> _DATA EXTRACTS_:
++++
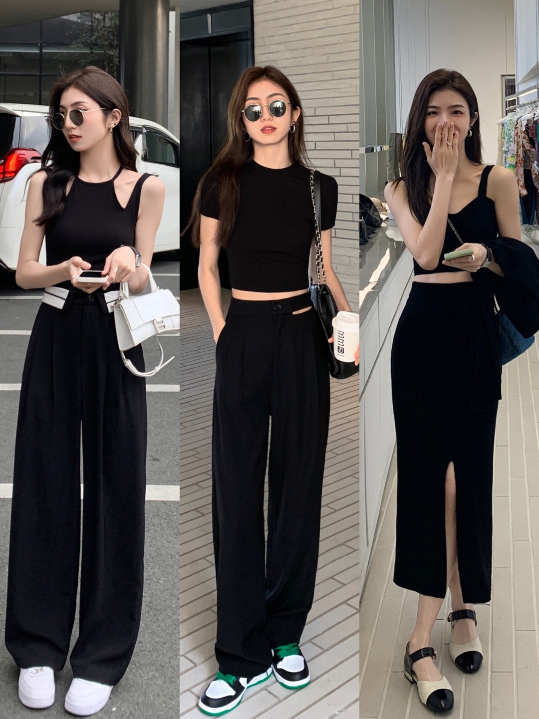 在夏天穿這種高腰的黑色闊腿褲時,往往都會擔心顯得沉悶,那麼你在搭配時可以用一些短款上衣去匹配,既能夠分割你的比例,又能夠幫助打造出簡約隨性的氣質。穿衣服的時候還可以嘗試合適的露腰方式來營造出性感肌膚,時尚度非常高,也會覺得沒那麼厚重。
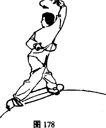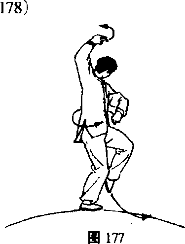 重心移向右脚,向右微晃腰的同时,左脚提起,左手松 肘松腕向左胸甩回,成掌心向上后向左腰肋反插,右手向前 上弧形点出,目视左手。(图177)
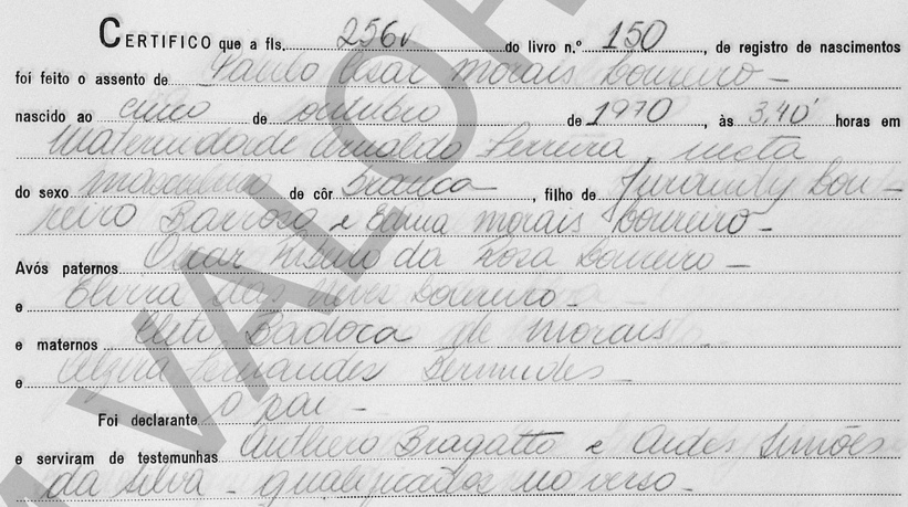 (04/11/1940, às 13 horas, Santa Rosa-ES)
++++
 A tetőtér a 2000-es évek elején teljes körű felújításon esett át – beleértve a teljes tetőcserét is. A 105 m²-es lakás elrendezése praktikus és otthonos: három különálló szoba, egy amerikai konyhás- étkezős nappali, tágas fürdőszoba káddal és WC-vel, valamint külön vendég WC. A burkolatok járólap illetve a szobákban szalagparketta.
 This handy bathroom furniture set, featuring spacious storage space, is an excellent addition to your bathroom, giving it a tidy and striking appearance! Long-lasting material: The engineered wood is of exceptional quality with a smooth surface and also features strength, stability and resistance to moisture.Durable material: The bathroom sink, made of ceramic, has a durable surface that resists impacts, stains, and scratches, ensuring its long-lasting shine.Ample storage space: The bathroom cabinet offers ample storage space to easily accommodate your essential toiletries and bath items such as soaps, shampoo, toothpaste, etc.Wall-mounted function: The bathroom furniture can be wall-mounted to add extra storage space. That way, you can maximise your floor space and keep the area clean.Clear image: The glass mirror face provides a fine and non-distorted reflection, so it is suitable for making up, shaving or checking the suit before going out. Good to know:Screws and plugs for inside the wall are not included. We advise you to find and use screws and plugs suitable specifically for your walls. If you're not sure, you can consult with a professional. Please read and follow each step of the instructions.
++++
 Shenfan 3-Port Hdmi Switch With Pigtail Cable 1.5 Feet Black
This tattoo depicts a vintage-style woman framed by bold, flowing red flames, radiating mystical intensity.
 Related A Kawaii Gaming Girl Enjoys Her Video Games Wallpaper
++++
> _WHAT NEEDS TO BE DONE_:
Within the entries above, the lines from the one containing "在夏天穿這種高腰的黑色闊腿褲" through the one containing "(04/11/1940, às 13 horas, Santa Rosa-ES)" are to be transcribed exactly, ends included, pictures excluded.

> _TASK SOLUTION_:
 在夏天穿這種高腰的黑色闊腿褲時,往往都會擔心顯得沉悶,那麼你在搭配時可以用一些短款上衣去匹配,既能夠分割你的比例,又能夠幫助打造出簡約隨性的氣質。穿衣服的時候還可以嘗試合適的露腰方式來營造出性感肌膚,時尚度非常高,也會覺得沒那麼厚重。
 重心移向右脚,向右微晃腰的同时,左脚提起,左手松 肘松腕向左胸甩回,成掌心向上后向左腰肋反插,右手向前 上弧形点出,目视左手。(图177)
 (04/11/1940, às 13 horas, Santa Rosa-ES)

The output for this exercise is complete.